Truth, lie and “brutal retail politics”

On last Sunday morning’s Insiders program, the ABC’s Barrie Cassidy quizzed Josh Frydenberg on the ethics of calling the withdrawal of a franking credit refund a ‘new tax’ when it was clearly not a tax.

As the Treasurer responded, the smile that involuntary crept across his face belied his intentions; whether an indication of embarrassment, shame or glee, the smile seemed to indicate that he knew the ‘retirement tax’ was a lie, that he knew Cassidy knew, and that he knew we the audience knew. Yet he continued responding to the veteran journalist’s question as if the lie was the truth.

The lie has become so normalised as political trickery that even calling it out as a lie doesn’t neutralise it.  The ‘retirement tax’ lie follows the Coalition’s successful reframing of the proposed emissions trading scheme as a ‘carbon tax’ when it was in fact a market mechanism. A couple of years later, Peta Credlin would confess the formulation of this lie to Sky’s Sunday Agenda: ‘We made it a fight about the hip pocket and not about the environment. That was brutal retail politics and it took Abbott about six months to cut through and when he cut through, Gillard was gone.’

With the distinction between truth and lie collapsed into ‘brutal retail politics’, who will hold politicians to account? Sadly, we can’t expect the media to do so. Rather than working hard to develop business models that publish quality journalism with sustainable income streams, the commercial media has become complicit in the decline of political integrity, actively fuelling leadership speculation and sensationalising conflicts in order to boost sales and feed clicks.

Nor can we expect opinion polls to hold politicians to account. Opinion polls are owned by media empires, such as Murdoch’s Newspoll for the Australian, and their methodologies haven’t kept up with social and media change.

Expecting the Australian Electoral Commission to hold politicians to account is also tricky: it has no legislative role in regulating the political content of electoral advertising and communication. Same goes for the Australian Communication and Media Authority: it does regulate electoral advertising and communication and the election advertising blackout period that applies to broadcasters, but this regulation has not kept pace with contemporary media platforms, ownership or consumption.

And both entities can only act on complaints received — making for some concerning experiences on election day when the Liberal Party placed Chinese language posters next to official AEC signage and styled them identically to the AEC’s while telling voters that the ‘correct’ way to vote was to place a 1 next to the Liberal candidate’s name.

While all of this was going on, voters faced a genuine choice between parties with rigorously considered policies, and parties with none. Meanwhile, non-profit organisations across Australia are working hard on policy, advocacy and action to redress the climate emergency, the decline of public health and education, the rise of violence against women and poor mental health, the flatlining and fall of wages and workers’ rights, and the contraction of the arts and cultural sector.
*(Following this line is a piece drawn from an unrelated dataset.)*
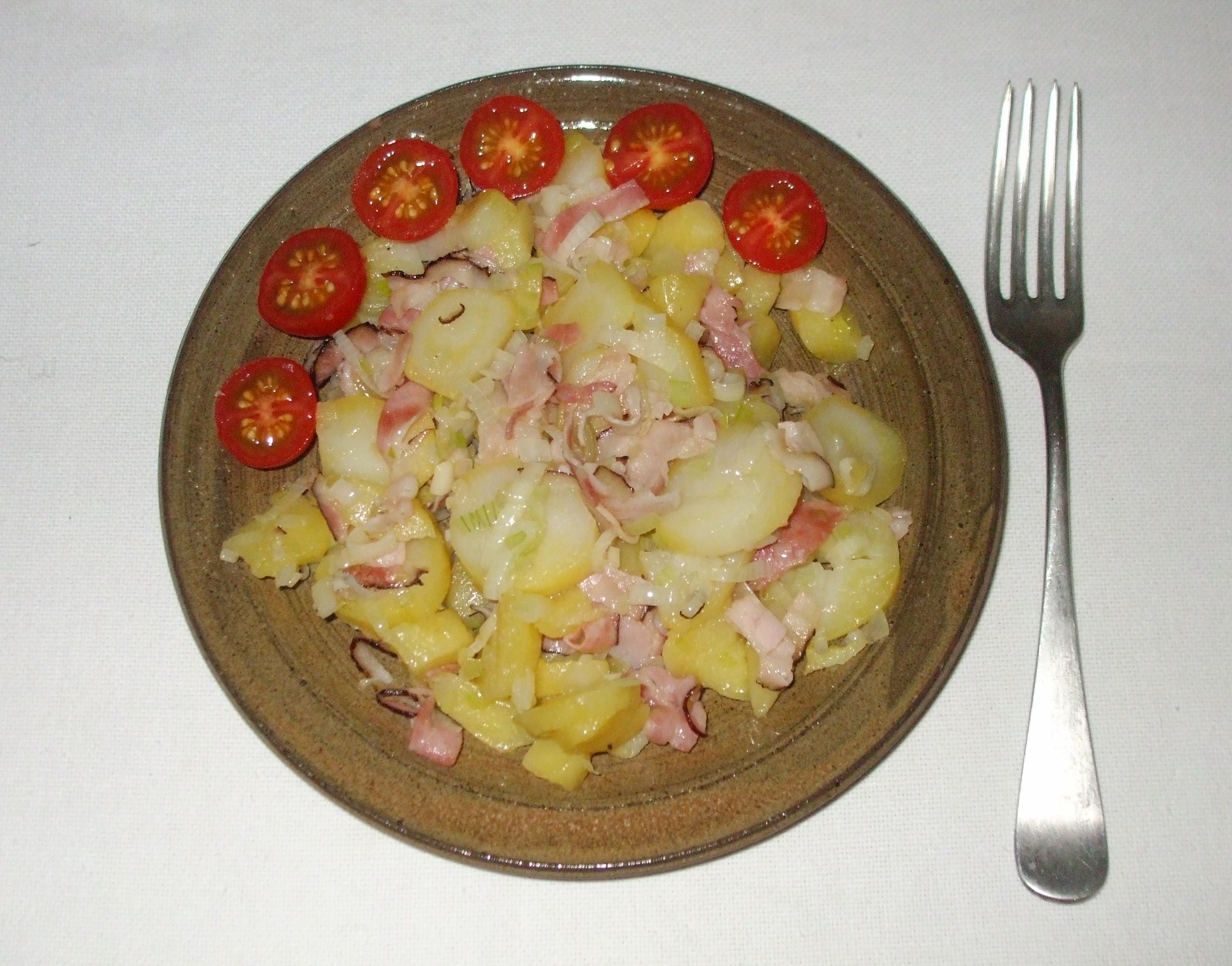 4. Na tento základ dáme nakrájené vařené brambory, v chlapštější verzi je možné okořenit mletou paprikou nebo pepřem, lehce promícháme a opečeme.
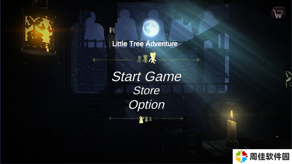 1、打开游戏后,玩家可以看到主界面,第一个是开始游戏,第二个是商店,第三个是关于设置;

As we all reflect on our personal and shared civic responsibility, it’s clear that all the institutions of civil society will need to examine their social roles and the public conversations they lead. Environmental organisations. Community centres. Mental health bodies. Legal centres. Sports clubs. Schools and universities. Asylum seeker centres. Independent media. Galleries, performing arts centres and all arts organisations.

It’s up to all organisations who exist to promote the public good to make sure that they’re doing so with rigour and care, calling out the small lies as well as the big ones so that we’re strengthening civil society together. Such public institutions do so by continuing to advance constructive positions for Australia’s future — as policy, as public discussions, as social events, as calls to action, or as works of art.

Now is the time to start that conversation with your community or cultural organisation. What support do they need? How can you join in? How can you volunteer? How can you become a member? How can you promote their work?

There’s a lot of work to be done to ensure the Australian government has the best guidance it needs to prepare the policies and deliver the services Australians urgently need. To strengthen ourselves into making that contribution, let’s begin by rejecting ‘brutal retail politics’ and instead champion generous community expertise.